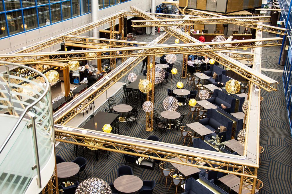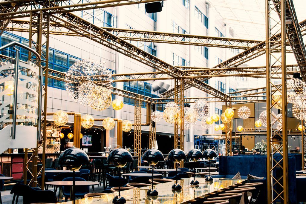 Beautiful and spectacular structures can be created everywhere. A gold-coloured Prolyte truss structure was used for the main lobby of Scandic Airport (at Helsinki-Vantaa Airport), marking the area reserved for the Breakfast- and a la Carte- restaurants.
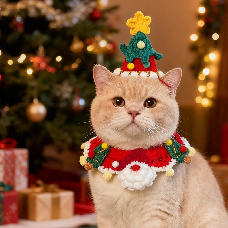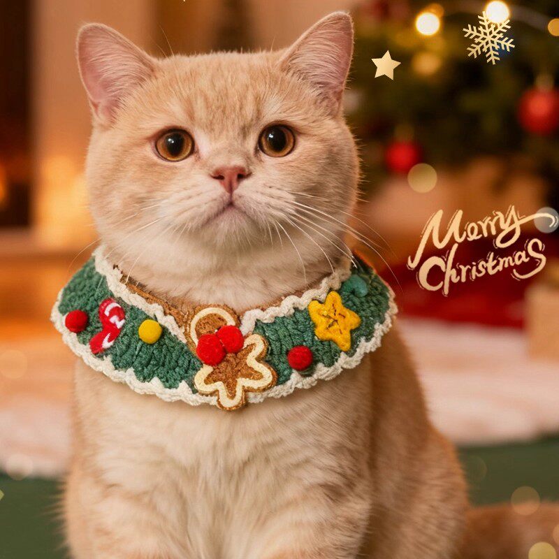 圣诞猫咪项圈围脖新年围兜钩织装饰领结铃铛狗狗宠物冬季配饰脖圈
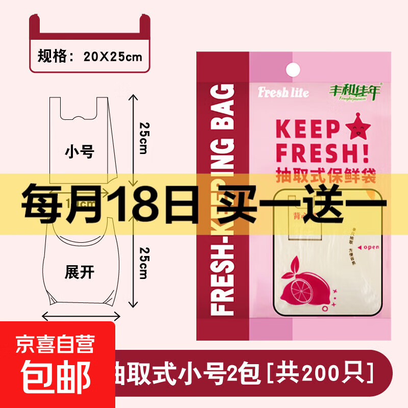 抽取式保鲜袋食品袋背心式食品级家用冰箱专用冷冻一次性塑料袋子 小号20*25cm 200只
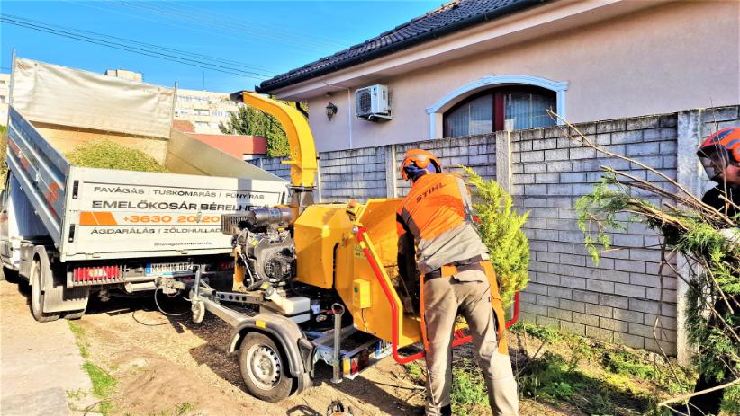 A fakivágás után 15-20 köbméter zöldhulladék is keletkezhet, amelynek az eltüntetésére a legegyszerűbb mód az ágdarálás. A darálást követően kb. 5 köbméter gallyból keletkezik 1 köbméter apríték, amely kiváló avartakaró lehet bokrok és fák alá, de akár begyújtóst is készíthetünk belőle a fűtési szezonban. Azonban, ha nem szükségszerű a darálás, akkor a billenő platós 3,5 tonnás teherautónknak köszönhetően darálás nélkül is könnyedén el tudjuk szállítani a zöldhulladékot.

_Goal of the exercise:_ Nothing but the lines from the one with "圣诞猫咪项圈围脖新年围兜钩织装饰领结铃铛狗狗宠物冬季配饰脖圈" through the last line of the material above should appear in the answer, each copied exactly, with no pictures.

_Exercise answer:_
 圣诞猫咪项圈围脖新年围兜钩织装饰领结铃铛狗狗宠物冬季配饰脖圈
 抽取式保鲜袋食品袋背心式食品级家用冰箱专用冷冻一次性塑料袋子 小号20*25cm 200只
 A fakivágás után 15-20 köbméter zöldhulladék is keletkezhet, amelynek az eltüntetésére a legegyszerűbb mód az ágdarálás. A darálást követően kb. 5 köbméter gallyból keletkezik 1 köbméter apríték, amely kiváló avartakaró lehet bokrok és fák alá, de akár begyújtóst is készíthetünk belőle a fűtési szezonban. Azonban, ha nem szükségszerű a darálás, akkor a billenő platós 3,5 tonnás teherautónknak köszönhetően darálás nélkül is könnyedén el tudjuk szállítani a zöldhulladékot.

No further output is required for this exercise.